Weisweiler : Müllverbrennungsanlage Weisweiler: Tonnenweise Müll aus Neapel

Seit August sind mehrere Tausend Tonnen Hausmüll aus der italienischen Hafenstadt Neapel zur Entsorgung in die Müllverbrennungsanlage Weisweiler gebracht worden.

Die Anlage in Weisweiler ist eine von fünf nordrhein-westfälischen Anlagen, die Hausmüll aus Neapel entsorgen. Insgesamt wurden bislang rund 28 000 Tonnen Hausmüll aus Italien nach NRW gebracht.

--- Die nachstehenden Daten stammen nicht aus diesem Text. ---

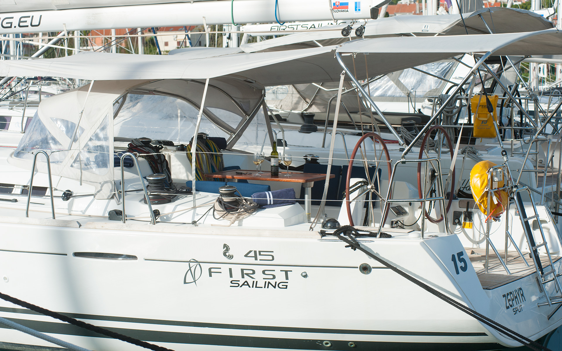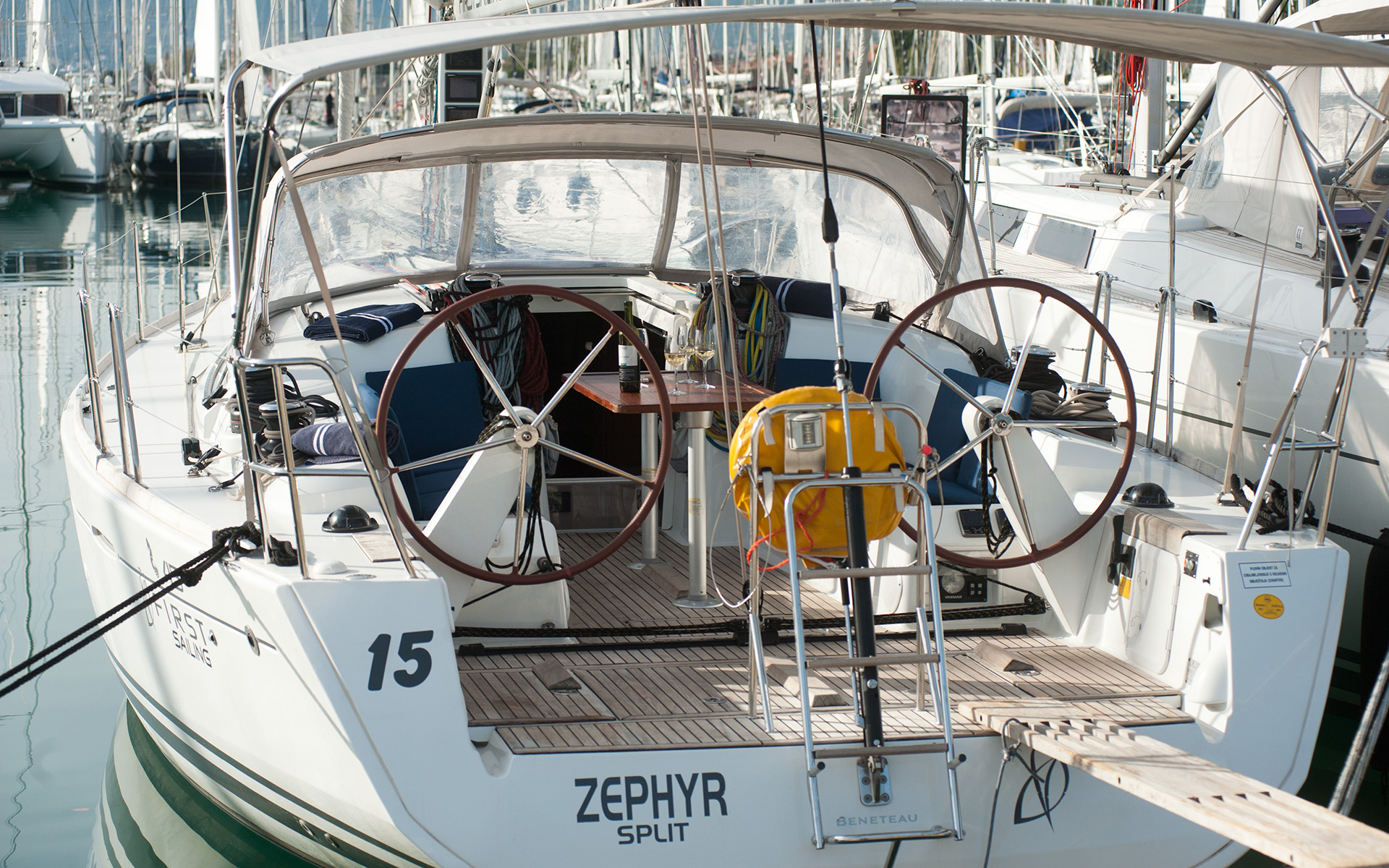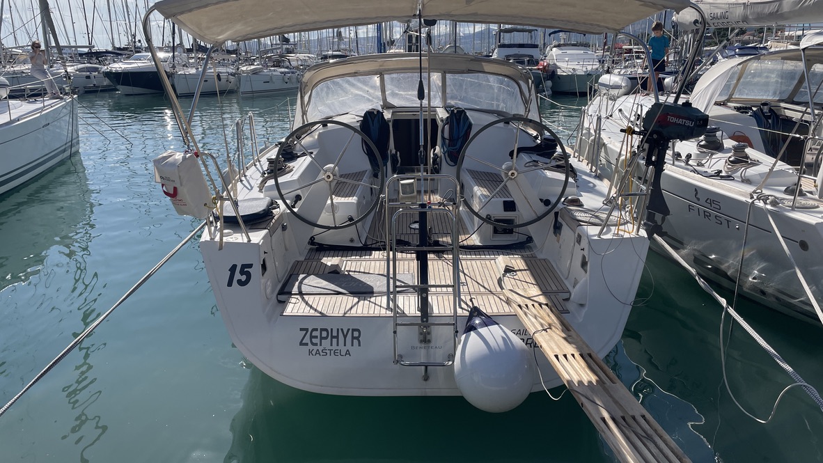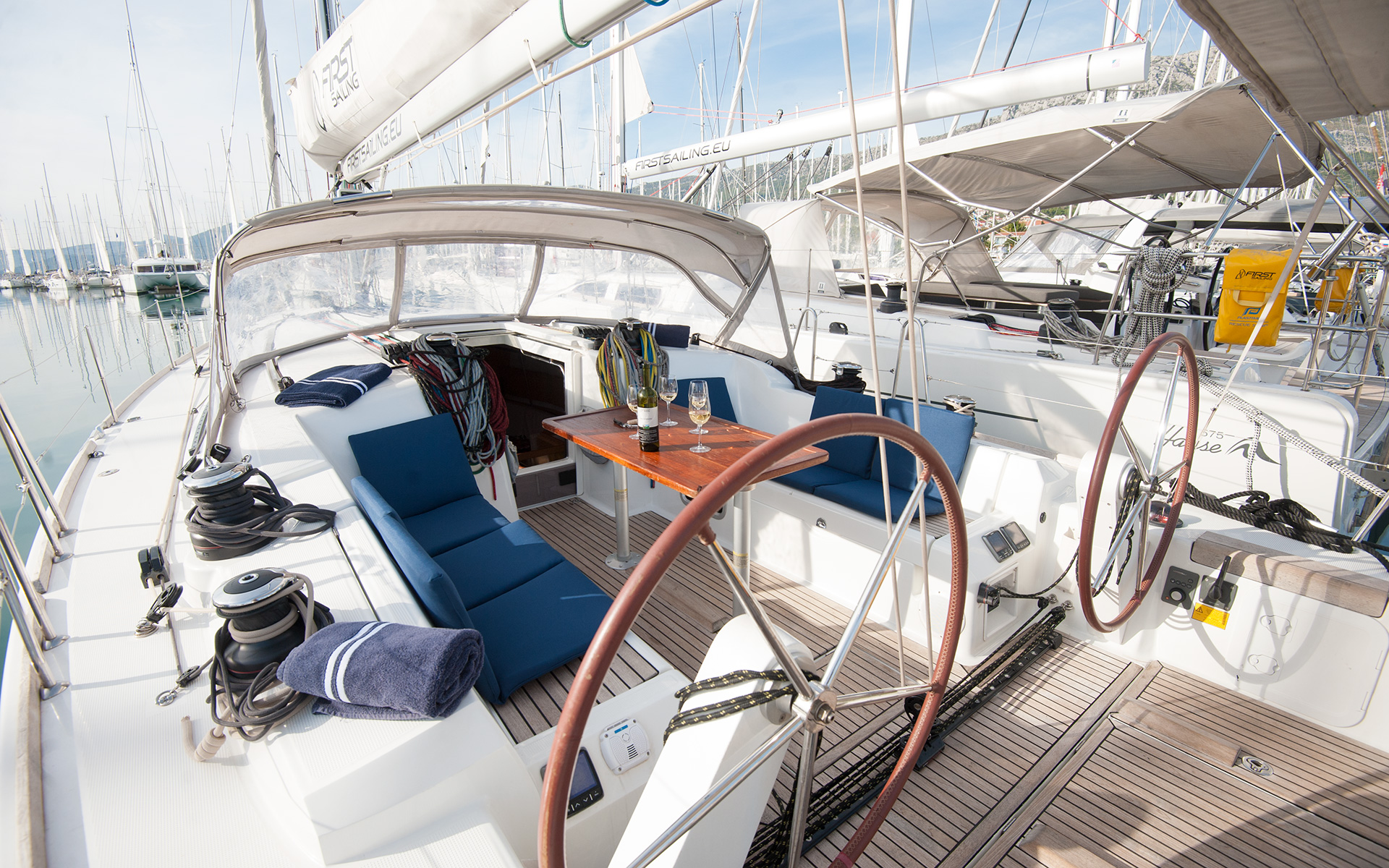| Outside | Biminitop, Cockpitdusche, Cockpitlautsprecher, Cockpittisch (klappbar), Genuawinschen, Sonnensegel, Spi-Winschen, Sprayhood, Teak im Cockpit, Winschen |
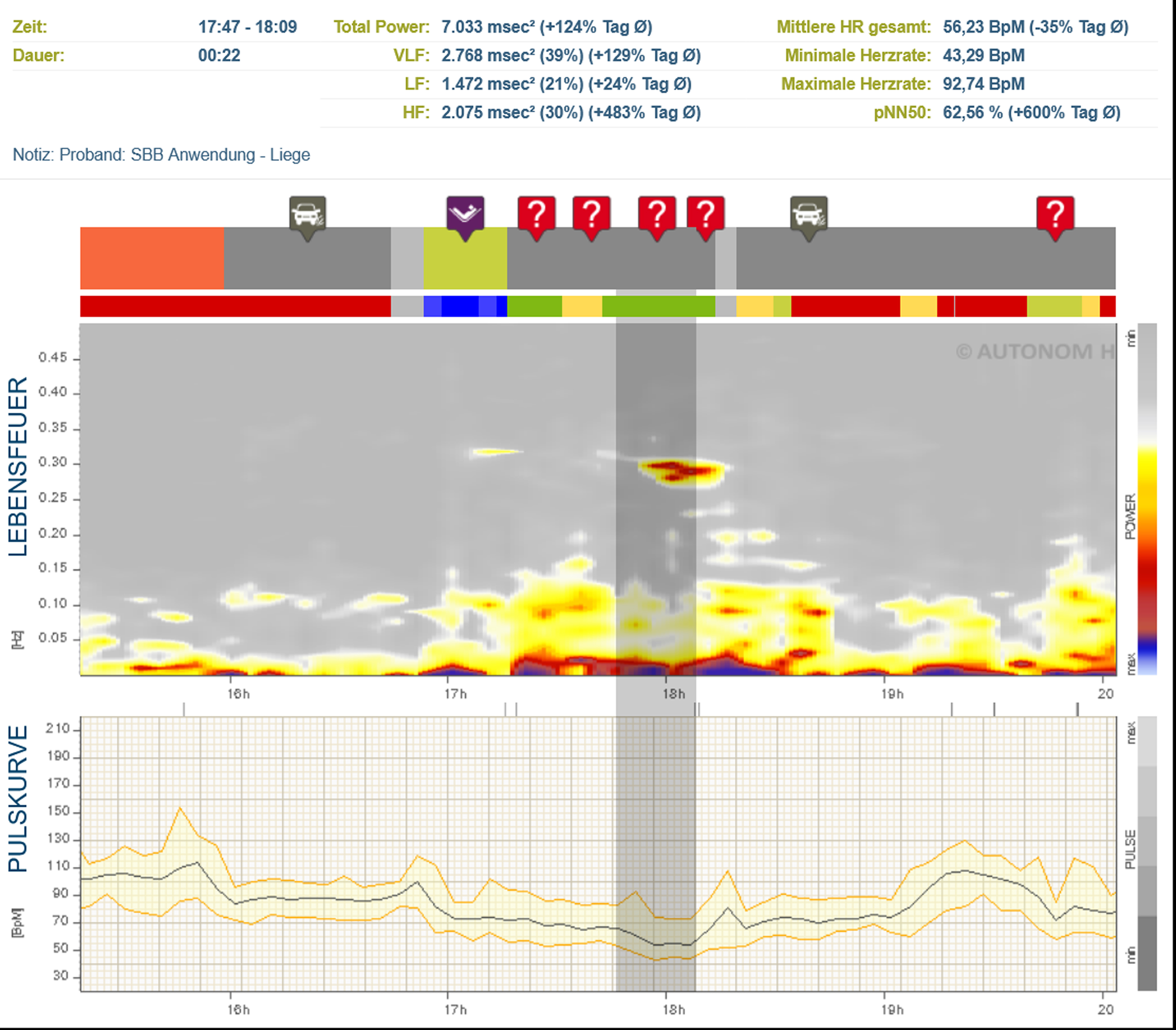 In addition to numerous remarkable testimonials, we now have measurement data that proves a positive effect of subtle body work on the autonomic nervous system: A study was conducted on the effectiveness of Subtle Body Balance by means of heart rate variability (HRV) measurements. The HRV measurement is considered an objective measure of the physical and mental state and shows what is beneficial. Long-term measurements with test subjects have revealed a strengthening of the entire autonomic nervous system. The effect of the Subtle Body Balance treatment shows a strongly pronounced, repeatable pattern in the HRV - an example is shown below. The four question marks on the graph indicate the period of the Subtle Body Balance session: Theory, Exercises, Treatment and Follow-up. The values listed were measured during the treatment on the treatment table.
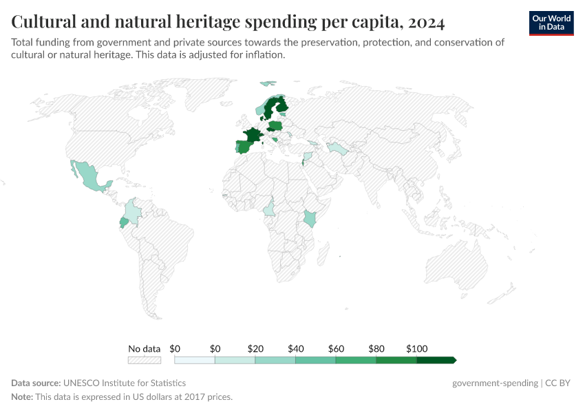 “Data Page: Cultural and natural heritage expenditure per capita”. Our World in Data (2025). Data adapted from UNESCO Institute for Statistics. Retrieved from https://enhance-improve-who-empower.owid.pages.dev/grapher/expenditure-on-cultural-and-natural-heritage-per-capita [online resource]How to cite this data
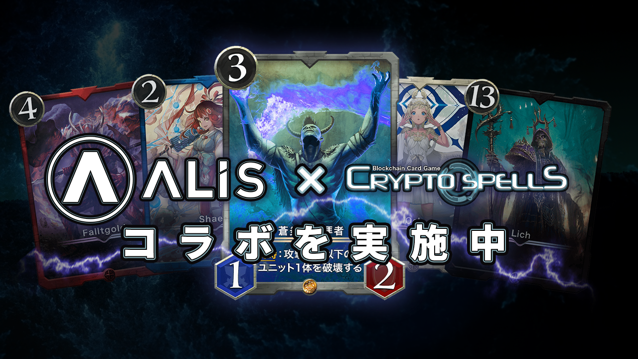 ブロックチェーンソーシャルメディア「ALIS」の運営を行う株式会社ALIS(本社:東京都港区、代表取締役:石井壮太、水澤貴)と、大人気NFTゲーム「クリプトスペルズ(クリスペ)」を提供するCryptoGames株式会社(本社:東京都渋谷区、代表取締役:小澤 孝太)は2022年3月28日からクリプトスペルズ限定NFTカードがもらえるコラボイベントを開始します。
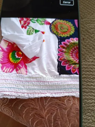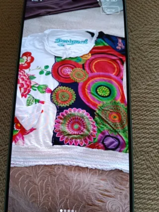 Camiseta de la marca Desigual con un diseño vibrante y alegre. - Estampado llamativo con círculos y flores. - Mangas cortas. - Cuello redondo.
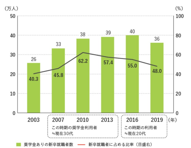 奨学金返済を抱えて社会人となる人の推移
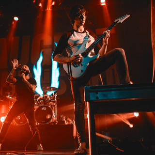 Headliners August Burns Red had a tough act to follow after Silverstein, but they showed that they were more than up for the challenge. They took to the stage to chants of “A-B-R!” with drummer and founding member Matt Greiner being the first out, climbing on top of his kit and throwing both hands in the air, horns up. They wasted no time, kicking things off with "Thirty and Seven", the opening track for

Wie ein Sprecher der Müllagentur Returo am Donnerstag in Bonn mitteilte, soll sich die Gesamtmenge auf 69.500 Tonnen Abfall belaufen. Bis Ende November werde der Abfall an die Müllverwertungsanlagen in Weisweiler, Kamp-Lintfort, Herten, Köln und Düsseldorf verteilt. Danach werde der Müll aus Italien zu den Müllverwertungsanlagen in Bonn, Leverkusen und Wuppertal gebracht.

Die Abfälle kommen in Containern per Bahn nach NRW und werden anschließend per Lkw zu den Anlagen transportiert. Unmittelbar vor der Verladung des Hausmülls in geschlossene Container wird die Fracht auf Radioaktivität geprüft. Im August war ein Container wegen schwach-radioaktiver Strahlung beanstandet und zurück nach Italien geschickt worden. Danach seien die Transporte ohne Zwischenfälle verlaufen, sagte der Returo-Sprecher. Allerdings seien von bisher geprüften 2900 Containern insgesamt sieben bereits in Neapel zurückgewiesen worden, weil leichte Strahlenwerte festgestellt worden seien.

Die Lieferung von Abfällen aus Neapel geht zurück auf ein Hilfeersuchen der italienischen Regierung an die Bundesrepublik Deutschland. Auch die in Bonn und Leverkusen ansässige Firma Returo hatte daraufhin einen Vertrag mit dem Sonderkommissariat in Neapel über die Lieferung und Verwertung von Hausmüll abgeschlossen.